The changes started in 2016 with the improvements on Wavenet and voice cloning: From that moment, it was clear that speech synthesis was about to change. Since then, we have seen quite a lot of improvements, but all of them are essentially based on cloning. But voice cloning is not the solution for virtual dubbing — we need new technologies developed to solve specific use cases, rather than adapting and stretching the existing tech to partially solve multiple use cases.
One of the most cutting-edge technologies enables computer generation of voiced lines. In fact, your work in that field won you the 2022 Innovator of the Year award at LocWorld Berlin. Can you tell us where that technology currently stands?
Our solution is not based on voice cloning: It is a new and more flexible tech, able to virtually synthesize and emulate any voice and any style in any language. We are currently finalizing the core dataset and the AI modules and are preparing the October launch of our first AI voice-dubbing application with core features and languages.
It seems to me this could have a tremendous impact on the entertainment industry and particularly in video games. How do you see this changing the status quo in the years to come?
While we believe that our solution is innovative and unique in the dubbing industry, there are multiple technology-based solutions that will change the way we work in the localization industry using data and AI. The past few years have been driven by innovation in the machine-translation space, but we will see more and more solutions in the voice space in the future.
I’m sure voice actors have their share of nervousness over potentially being replaced by AI, which speaks to a common anxiety throughout the language industry and, for that matter, multiple other industries. What’s your perspective on that?
Thank you for your question which allows me to better clarify our vision: Our primary aim is voicing the unvoiced content, the stories that now are still untold, simply because there are not enough resources to deal with all of them in the required time frame, in all the languages.
We see a very strong similarity with machine translation here: MT has been able to redefine the translation processes and bring more translated content to the global audience, but humans/experts in the loop remain a key element to produce quality output.
Machine dubbing looks very similar, with humans/experts always in the loop: There will just be more voiced content in multiple languages available to the final users.
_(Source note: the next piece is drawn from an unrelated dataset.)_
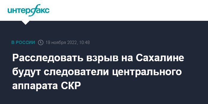 Москва. 19 ноября. INTERFAX.RU - Расследованием взрыва в доме на Сахалине займется центральный аппарат Следственного комитета РФ (СКР), сообщает в субботу телеграм-канал ведомства.

And while the process and the overall productivity will change, the human-produced voice will always be on top of the pyramid, delivering exceptional quality as usual.
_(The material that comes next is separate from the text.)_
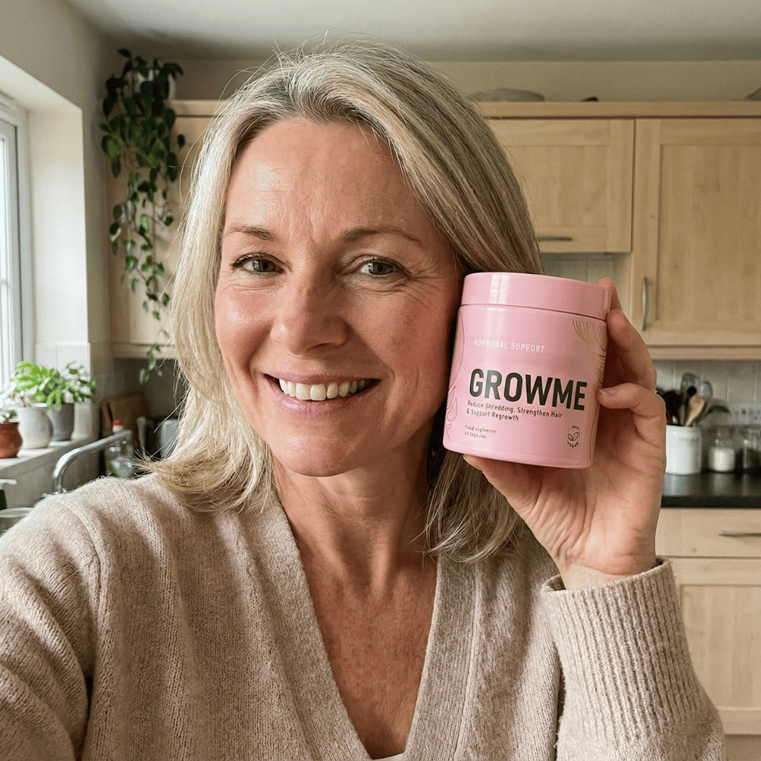GrowMe works from within to support the hair cycle during hormonal and metabolic change. Key nutrients like biotin, zinc, amino acids and saw palmetto help nourish hair follicles and support normal growth signals. Many women start noticing less shedding and stronger-feeling hair within 6–10 weeks because we’re addressing the internal imbalance, not just masking the problem.

Is there anything else you want to mention?
Just a final note to say that AI and data science will have a huge impact on all the processes that we currently have in place: Innovation will increasingly become part of our day-to-day experience. And the key will not only be represented by the new technologies, but especially by the way we will be able to softly and efficiently adopt these new technologies in our usual workflow.
Cameron Rasmusson is the editor-in-chief of MultiLingual Media.